**Extracted material**.
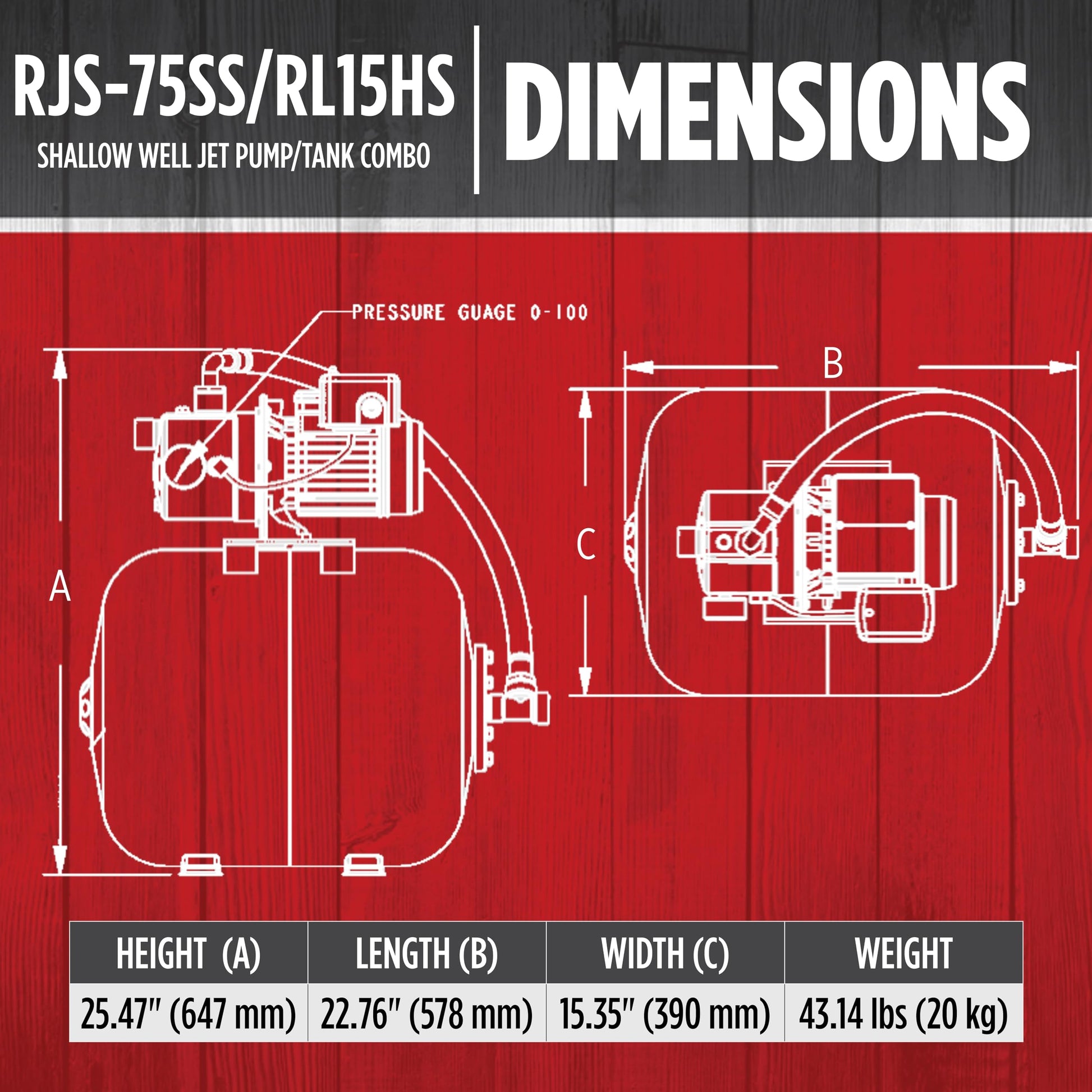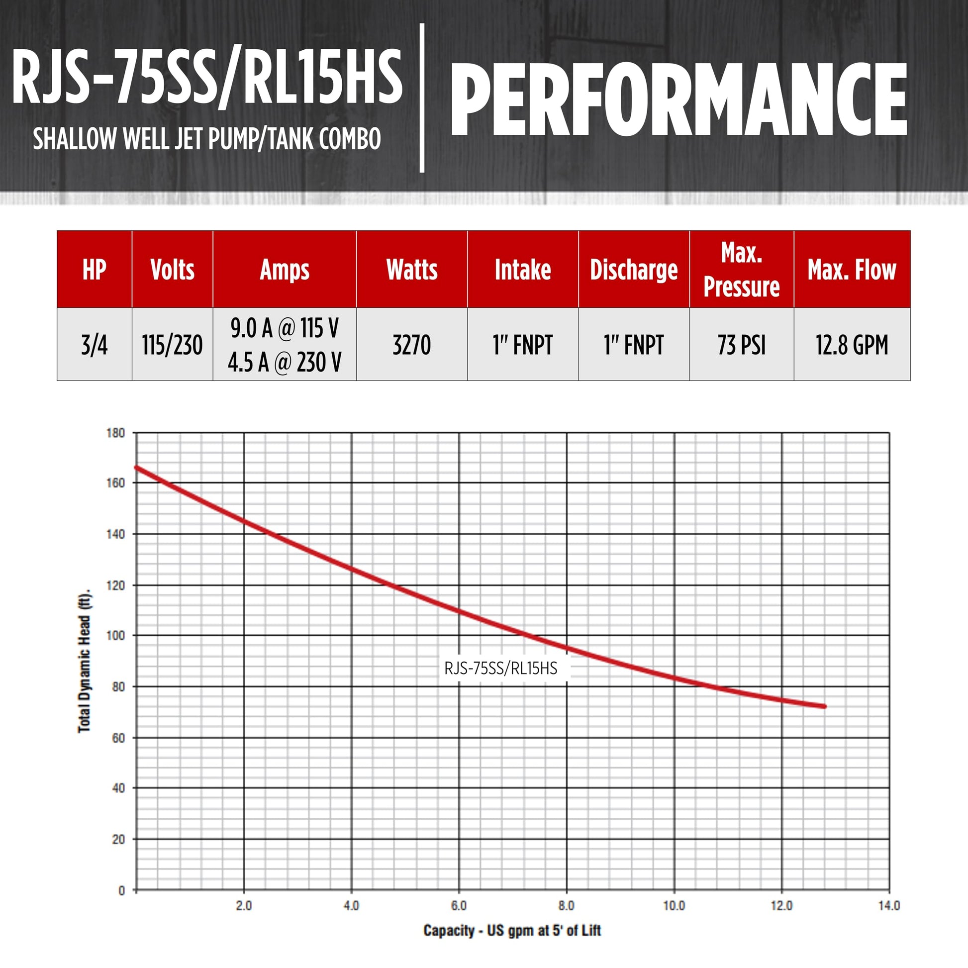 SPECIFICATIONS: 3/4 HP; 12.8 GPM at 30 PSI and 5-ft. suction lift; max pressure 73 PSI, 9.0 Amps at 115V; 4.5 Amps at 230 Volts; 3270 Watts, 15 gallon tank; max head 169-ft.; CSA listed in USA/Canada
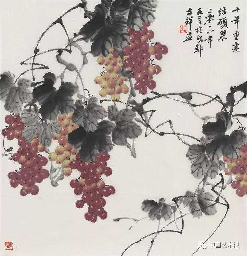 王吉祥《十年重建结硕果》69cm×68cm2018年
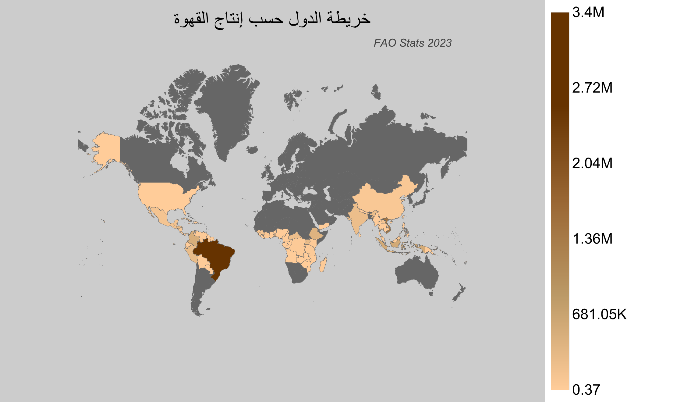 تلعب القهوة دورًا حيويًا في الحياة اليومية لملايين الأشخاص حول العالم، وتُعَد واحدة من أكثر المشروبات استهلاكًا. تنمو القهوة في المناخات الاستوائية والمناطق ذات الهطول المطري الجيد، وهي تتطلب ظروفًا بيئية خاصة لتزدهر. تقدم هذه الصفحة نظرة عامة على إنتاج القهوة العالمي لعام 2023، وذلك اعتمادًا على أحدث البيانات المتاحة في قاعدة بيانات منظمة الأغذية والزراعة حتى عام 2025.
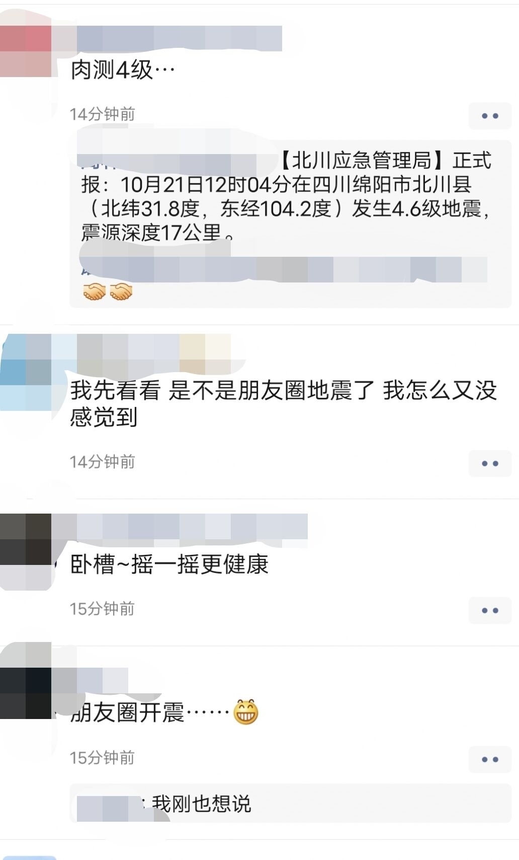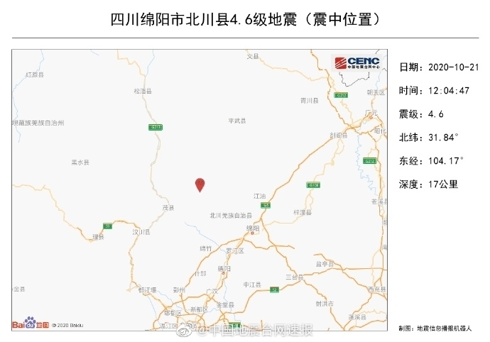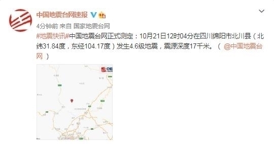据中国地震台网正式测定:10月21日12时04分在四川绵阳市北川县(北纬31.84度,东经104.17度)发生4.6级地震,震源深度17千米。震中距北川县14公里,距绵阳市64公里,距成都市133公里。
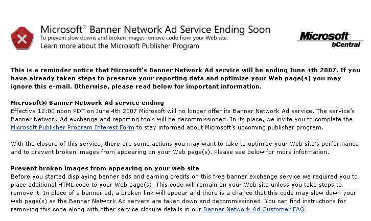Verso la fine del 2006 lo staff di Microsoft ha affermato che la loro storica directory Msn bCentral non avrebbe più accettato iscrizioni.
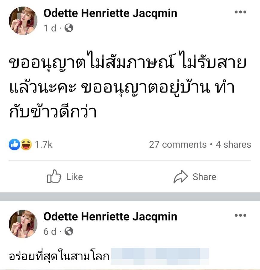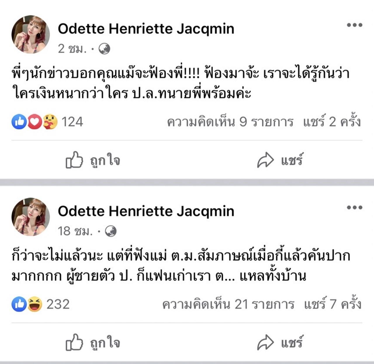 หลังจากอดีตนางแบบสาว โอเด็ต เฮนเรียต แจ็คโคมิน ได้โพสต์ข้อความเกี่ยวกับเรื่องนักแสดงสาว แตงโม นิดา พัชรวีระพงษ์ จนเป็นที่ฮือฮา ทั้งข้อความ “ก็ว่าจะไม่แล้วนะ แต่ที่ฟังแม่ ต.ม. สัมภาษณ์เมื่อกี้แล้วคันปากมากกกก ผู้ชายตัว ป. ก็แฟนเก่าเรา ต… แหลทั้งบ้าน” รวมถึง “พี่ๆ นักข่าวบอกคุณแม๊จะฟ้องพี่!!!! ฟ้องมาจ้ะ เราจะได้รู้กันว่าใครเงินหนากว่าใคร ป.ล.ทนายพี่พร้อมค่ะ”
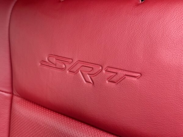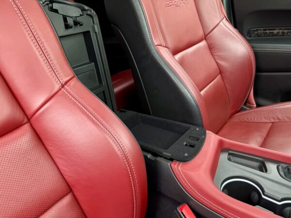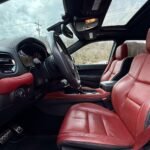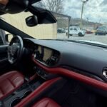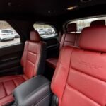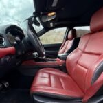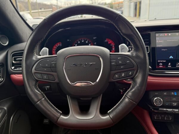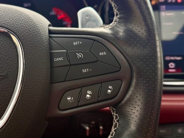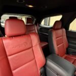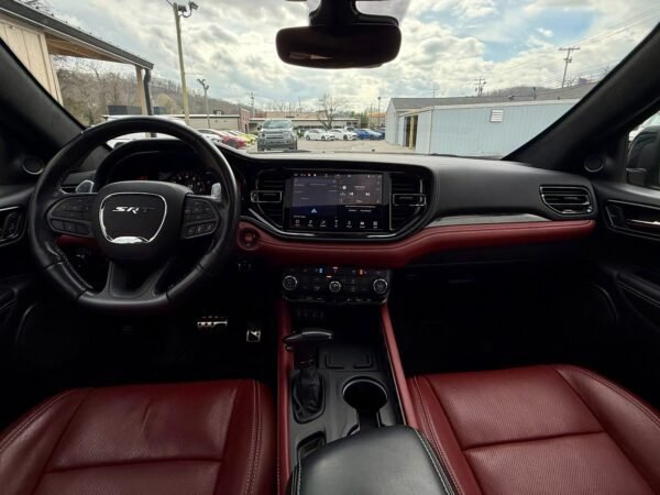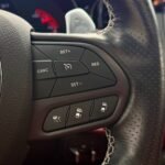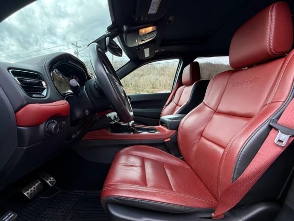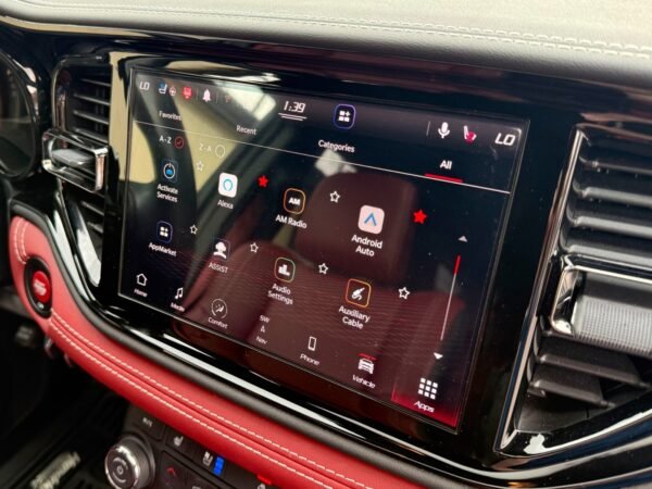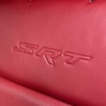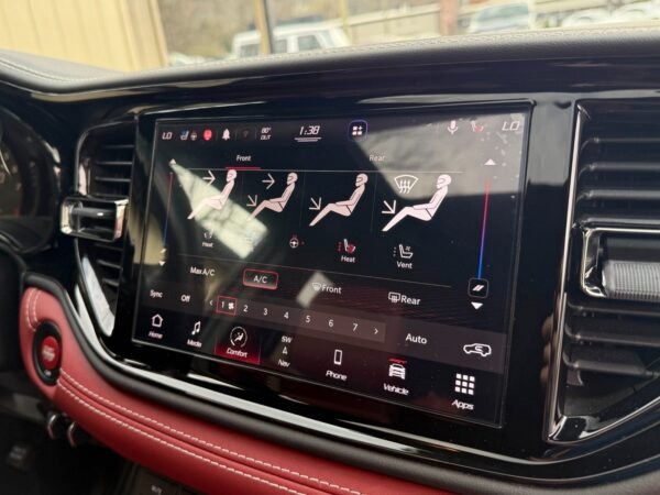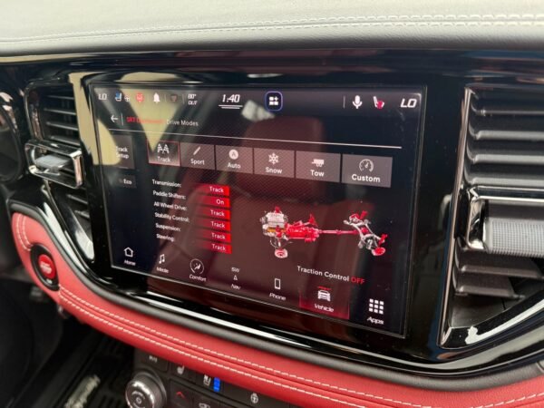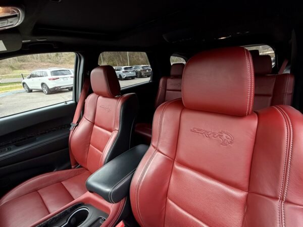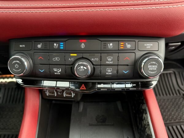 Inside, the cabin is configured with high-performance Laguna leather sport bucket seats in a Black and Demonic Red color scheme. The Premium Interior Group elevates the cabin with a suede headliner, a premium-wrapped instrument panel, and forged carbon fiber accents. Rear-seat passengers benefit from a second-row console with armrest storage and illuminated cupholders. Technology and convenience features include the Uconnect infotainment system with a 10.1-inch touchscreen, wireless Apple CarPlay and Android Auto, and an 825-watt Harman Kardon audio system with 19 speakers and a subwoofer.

**Your task**.
No pictures belong in the answer, only the lines from the top of the listing through the line containing "王吉祥《十年重建结硕果》69cm×68cm2018年", repeated word for word.

**Response to the task**.
 SPECIFICATIONS: 3/4 HP; 12.8 GPM at 30 PSI and 5-ft. suction lift; max pressure 73 PSI, 9.0 Amps at 115V; 4.5 Amps at 230 Volts; 3270 Watts, 15 gallon tank; max head 169-ft.; CSA listed in USA/Canada
 王吉祥《十年重建结硕果》69cm×68cm2018年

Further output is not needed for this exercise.